On the other hand, while in India (where the recovery rate is approaching 97%) the number of new cases and deaths continues to fall (respectively 13303 & 131 as of yesterday), in the US and UK the news outlets which at the beginning displayed a pathological obsession with imagined disasters in India have not deemed it fit to own up their prejudice, contrast the Indian stats and response with their own self-acknowledged ‘out of control situation’ and admit that they are lagging behind, let alone to report that India has managed a turnaround and is firmly on the way to vaccinate its 1.3 billion despite facing so many constraints.

Besides, in Europe, as the New York Times reports, there is resistance to prolongation of lockdowns, for example in the Netherlands, ‘Demonstrators in the Netherlands clashed with the police in two cities on Sunday, and a coronavirus testing facility was burned on Saturday, as anger at a nationwide lockdown grew more violent’. And there are other major issues too: ‘The European Union said that it would take legal action if necessary to ensure pharmaceutical companies fulfilled contracts to supply vaccines to the bloc, after manufacturers announced possible delays.’

One lesson that I have learnt during my now nearly half a century of medical practice is that in medical and health matters your Waterloo awaits you at every bend. The last thing that you should practise as a doctor is the art of grand-noir (arrogance).
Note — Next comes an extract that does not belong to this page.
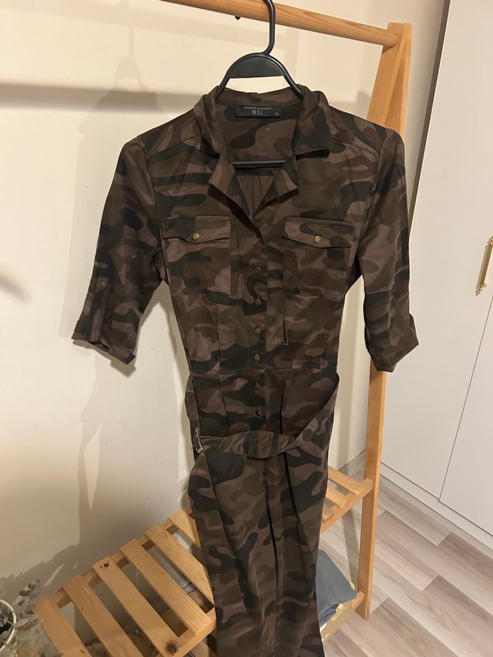 Kahverengi Kamuflaj Bel Detaylı Tulum

And its equivalent – not posturing on the moral high ground – applies to nations and their leaders and communicators as well when it comes to dealing with the reality of biological variability and unpredictability that Covid-19, for example, has so dramatically demonstrated, and that continues to challenge humanity’s capacity to cope. How long more it will take to achieve a reasonable degree of control we cannot confidently say: it will also depend on whether we behave rationally or impulsively. And we would be naïve to assume that Covid-19 is the last in line to have a predilection not to say a liking for our vulnerable human tissues!

That is part of the reason that we have to be humble enough to be ready to learn from each other’s experience and to put our heads together to fight the common enemies that threaten our health, the planet’s health and its economy. If there is another way out, I’d be happy to learn about it.